* _Task statement_
Nothing but an exact copy is asked for: the lines in the material below from the one with "Dkny Jet Two Row Cabachon Pendant Necklace" through the one with "Transparent Thick Sequin", pictures excluded.

* _Extracted material_
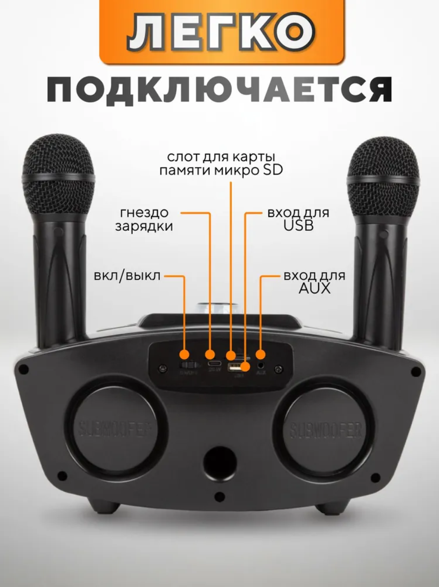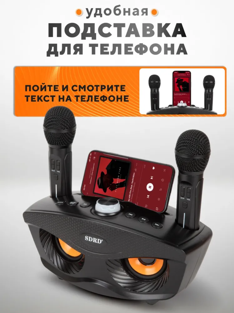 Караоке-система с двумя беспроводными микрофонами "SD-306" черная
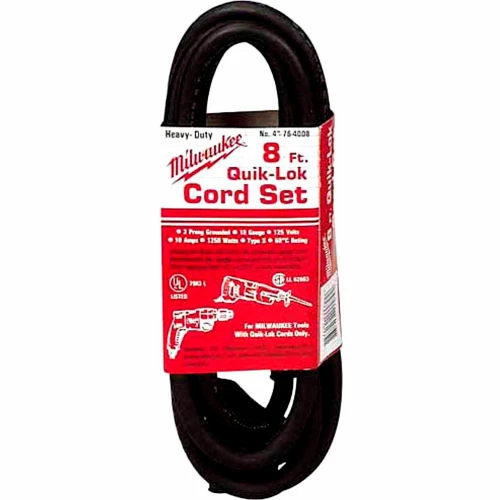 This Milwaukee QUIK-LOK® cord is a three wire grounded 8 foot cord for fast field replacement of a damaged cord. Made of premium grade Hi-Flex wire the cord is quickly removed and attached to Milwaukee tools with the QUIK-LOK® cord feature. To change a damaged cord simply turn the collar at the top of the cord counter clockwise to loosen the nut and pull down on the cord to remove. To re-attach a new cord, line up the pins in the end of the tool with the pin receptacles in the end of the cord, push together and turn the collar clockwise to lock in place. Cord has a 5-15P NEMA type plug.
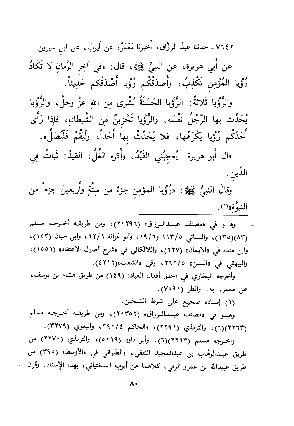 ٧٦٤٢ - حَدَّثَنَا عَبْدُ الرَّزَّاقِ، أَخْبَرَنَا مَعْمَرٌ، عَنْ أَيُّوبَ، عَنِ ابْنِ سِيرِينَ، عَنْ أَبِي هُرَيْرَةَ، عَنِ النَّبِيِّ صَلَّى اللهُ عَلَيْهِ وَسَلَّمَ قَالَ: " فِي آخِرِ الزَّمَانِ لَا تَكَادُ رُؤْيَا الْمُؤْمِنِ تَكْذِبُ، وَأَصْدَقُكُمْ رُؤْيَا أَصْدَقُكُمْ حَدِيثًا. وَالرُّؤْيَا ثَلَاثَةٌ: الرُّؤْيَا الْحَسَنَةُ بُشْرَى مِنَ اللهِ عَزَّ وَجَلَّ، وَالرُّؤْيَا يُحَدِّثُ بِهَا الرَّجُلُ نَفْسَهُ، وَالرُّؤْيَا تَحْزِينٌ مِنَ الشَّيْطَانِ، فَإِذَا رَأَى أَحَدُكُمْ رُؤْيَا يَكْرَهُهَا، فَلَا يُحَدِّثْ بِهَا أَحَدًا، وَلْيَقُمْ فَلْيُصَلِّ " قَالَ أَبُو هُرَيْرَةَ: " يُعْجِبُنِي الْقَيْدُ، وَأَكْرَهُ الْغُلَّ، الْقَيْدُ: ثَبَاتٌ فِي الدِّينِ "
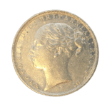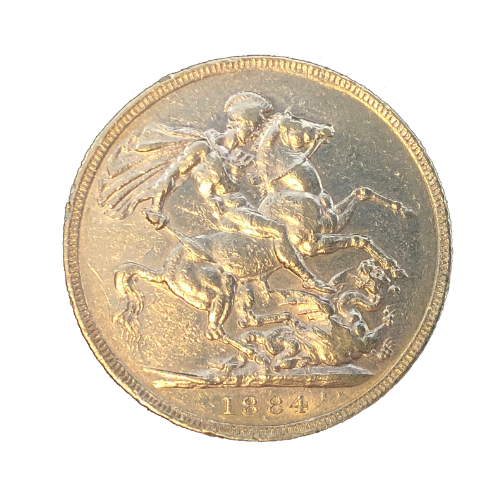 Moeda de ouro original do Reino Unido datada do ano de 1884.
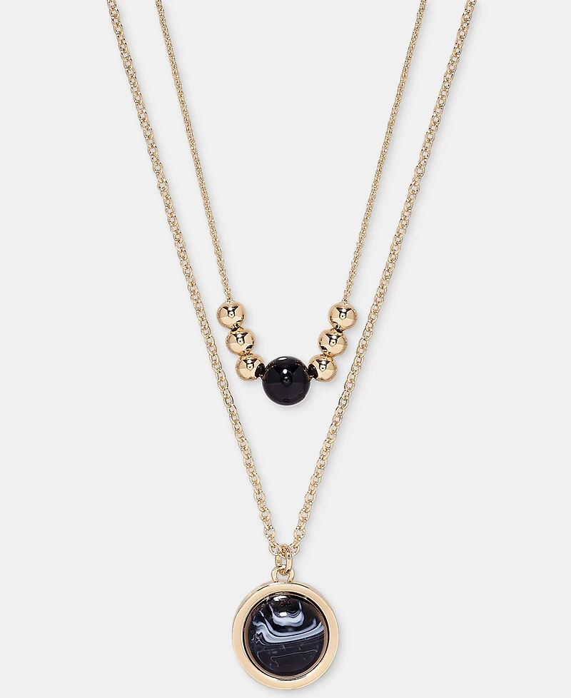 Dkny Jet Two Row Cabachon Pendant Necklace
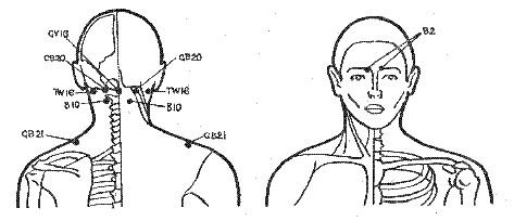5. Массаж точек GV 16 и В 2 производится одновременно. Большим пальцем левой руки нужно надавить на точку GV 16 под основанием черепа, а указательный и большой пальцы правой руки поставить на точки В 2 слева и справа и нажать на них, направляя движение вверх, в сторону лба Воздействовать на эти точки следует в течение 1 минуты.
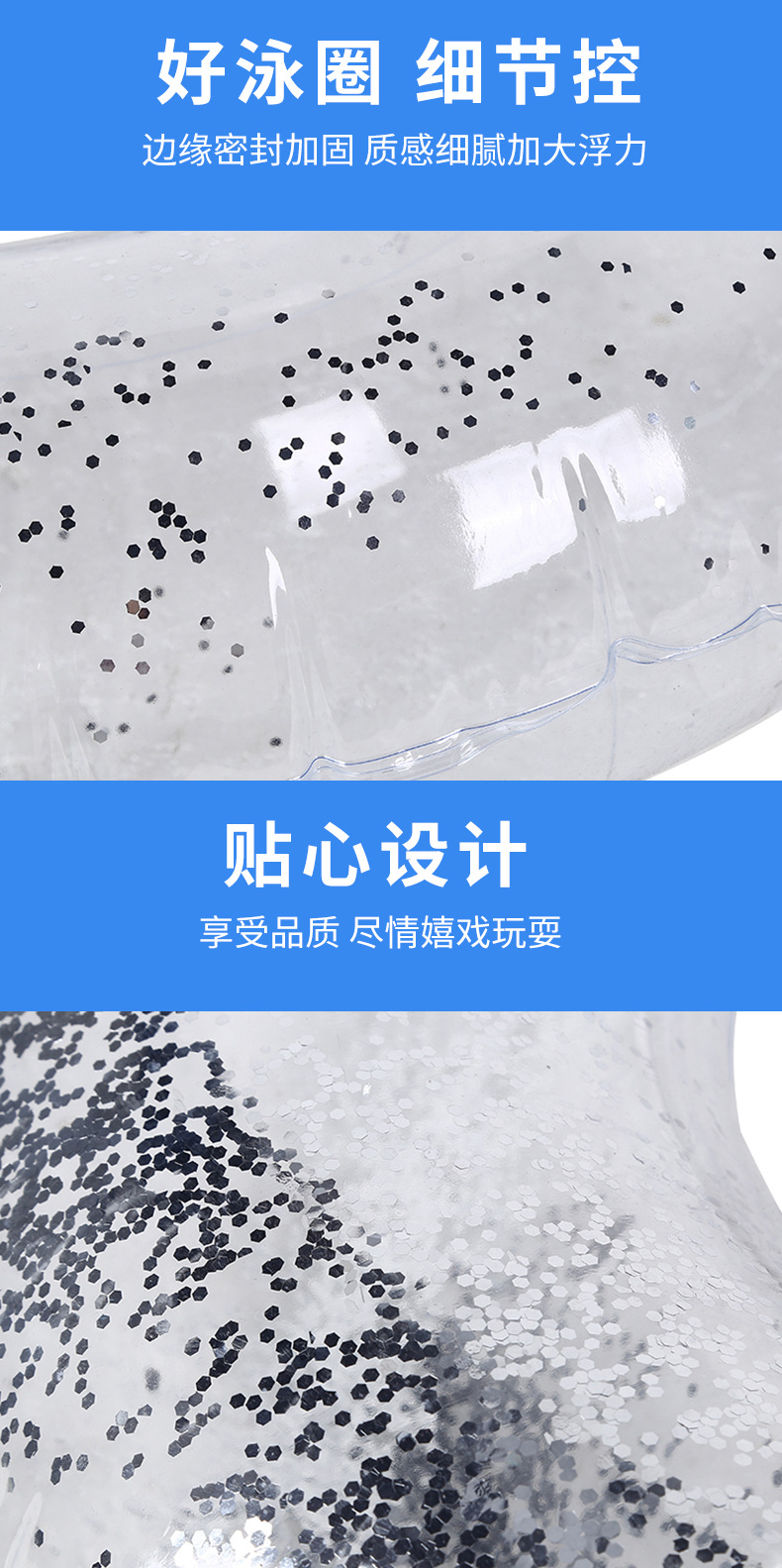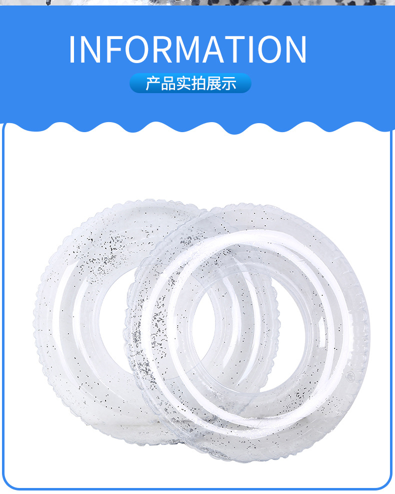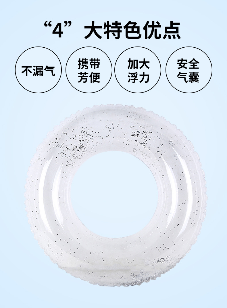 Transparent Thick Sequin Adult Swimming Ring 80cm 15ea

* * *

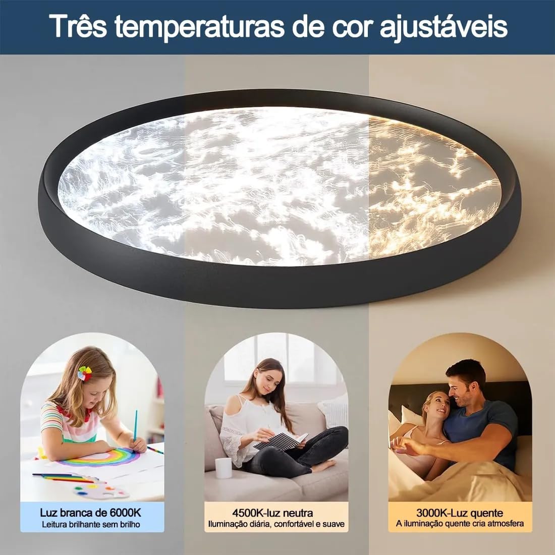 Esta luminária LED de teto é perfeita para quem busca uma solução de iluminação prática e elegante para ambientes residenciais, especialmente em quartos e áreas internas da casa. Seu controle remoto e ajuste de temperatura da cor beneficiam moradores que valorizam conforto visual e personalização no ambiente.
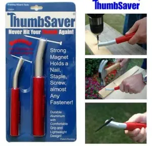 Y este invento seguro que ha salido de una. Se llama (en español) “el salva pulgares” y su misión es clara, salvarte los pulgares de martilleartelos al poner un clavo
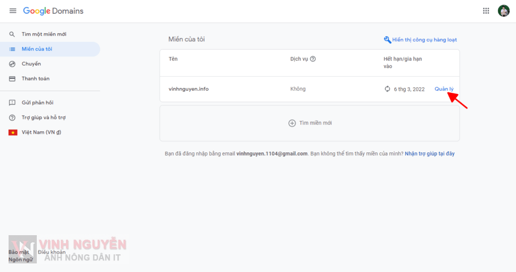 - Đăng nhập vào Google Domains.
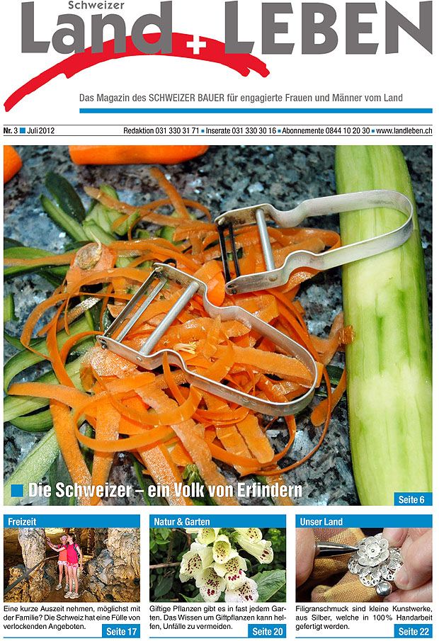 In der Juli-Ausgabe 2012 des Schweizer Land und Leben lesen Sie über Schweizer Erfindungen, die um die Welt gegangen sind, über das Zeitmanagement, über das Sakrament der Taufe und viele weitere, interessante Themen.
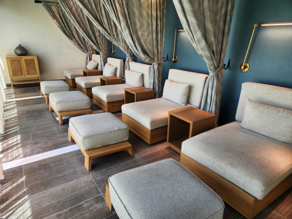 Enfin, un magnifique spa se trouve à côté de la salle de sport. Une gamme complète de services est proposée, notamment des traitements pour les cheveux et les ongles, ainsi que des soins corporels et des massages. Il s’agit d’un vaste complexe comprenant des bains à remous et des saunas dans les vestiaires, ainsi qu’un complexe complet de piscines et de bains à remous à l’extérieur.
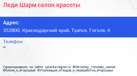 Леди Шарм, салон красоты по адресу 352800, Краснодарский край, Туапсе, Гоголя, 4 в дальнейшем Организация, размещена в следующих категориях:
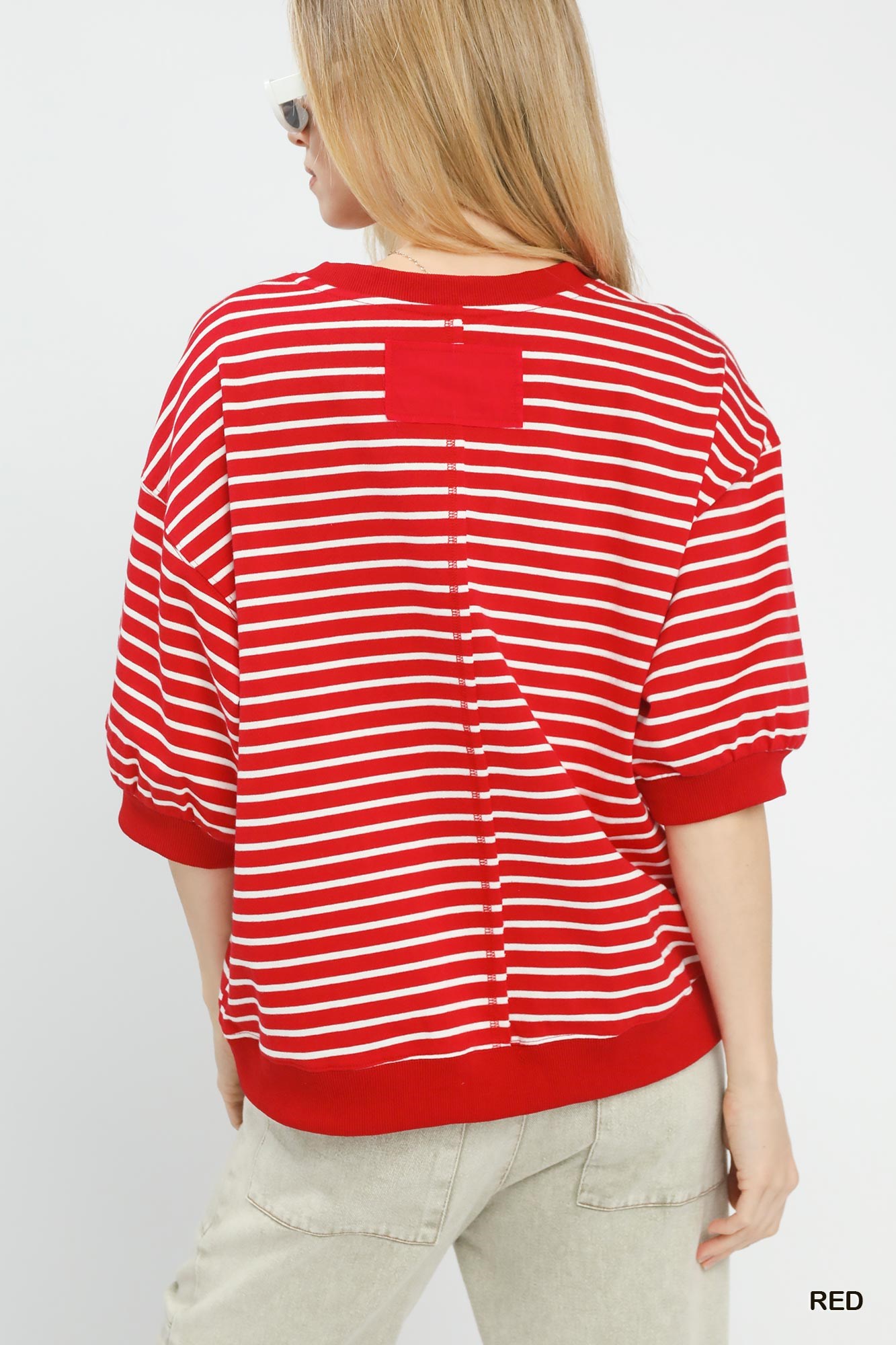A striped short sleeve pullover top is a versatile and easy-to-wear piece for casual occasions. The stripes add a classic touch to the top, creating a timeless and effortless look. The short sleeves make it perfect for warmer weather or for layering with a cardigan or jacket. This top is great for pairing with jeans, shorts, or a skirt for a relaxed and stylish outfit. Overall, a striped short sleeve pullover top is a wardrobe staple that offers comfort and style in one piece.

---

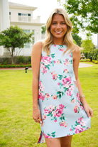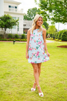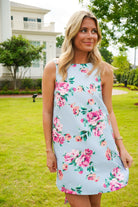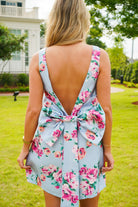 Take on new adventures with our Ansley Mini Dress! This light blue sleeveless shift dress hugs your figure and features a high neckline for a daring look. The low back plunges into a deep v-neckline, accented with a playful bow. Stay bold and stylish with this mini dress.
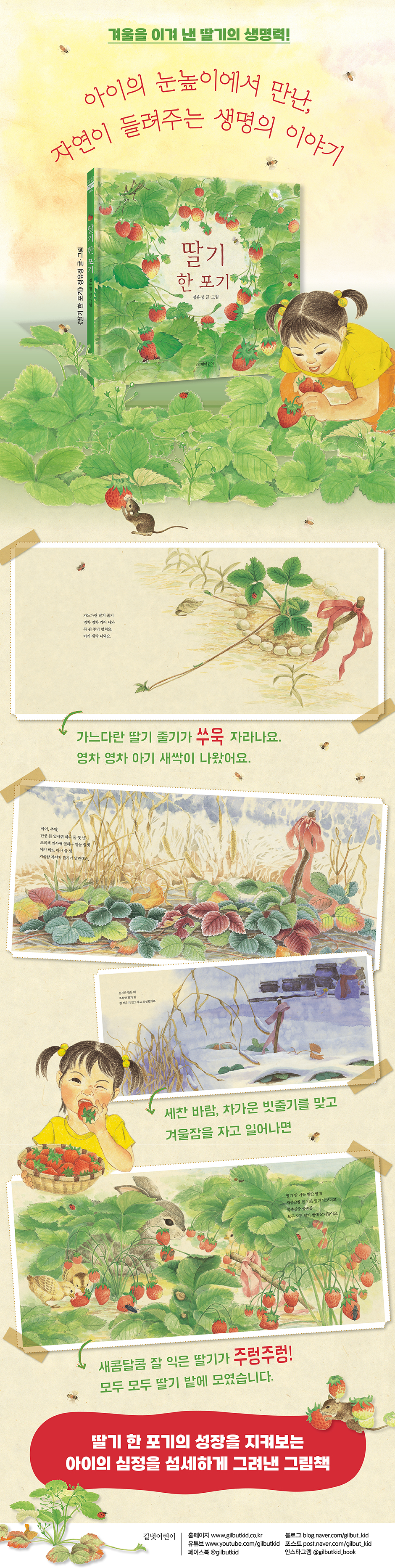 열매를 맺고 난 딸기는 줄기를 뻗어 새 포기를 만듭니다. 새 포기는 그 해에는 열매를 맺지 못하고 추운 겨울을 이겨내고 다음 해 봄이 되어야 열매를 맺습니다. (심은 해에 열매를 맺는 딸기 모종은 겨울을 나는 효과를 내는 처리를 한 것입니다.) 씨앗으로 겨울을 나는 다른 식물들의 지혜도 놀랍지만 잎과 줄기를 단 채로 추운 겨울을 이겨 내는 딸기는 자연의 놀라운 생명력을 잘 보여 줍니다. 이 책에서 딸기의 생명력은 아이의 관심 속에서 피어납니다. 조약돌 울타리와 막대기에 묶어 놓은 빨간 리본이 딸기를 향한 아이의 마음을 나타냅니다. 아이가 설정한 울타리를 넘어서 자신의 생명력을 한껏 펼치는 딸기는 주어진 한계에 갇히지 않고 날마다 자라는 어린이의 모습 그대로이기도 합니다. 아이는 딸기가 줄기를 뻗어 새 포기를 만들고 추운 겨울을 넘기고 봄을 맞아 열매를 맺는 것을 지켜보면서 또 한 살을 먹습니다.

* _Reply to the task_
 Dkny Jet Two Row Cabachon Pendant Necklace
5. Массаж точек GV 16 и В 2 производится одновременно. Большим пальцем левой руки нужно надавить на точку GV 16 под основанием черепа, а указательный и большой пальцы правой руки поставить на точки В 2 слева и справа и нажать на них, направляя движение вверх, в сторону лба Воздействовать на эти точки следует в течение 1 минуты.
 Transparent Thick Sequin Adult Swimming Ring 80cm 15ea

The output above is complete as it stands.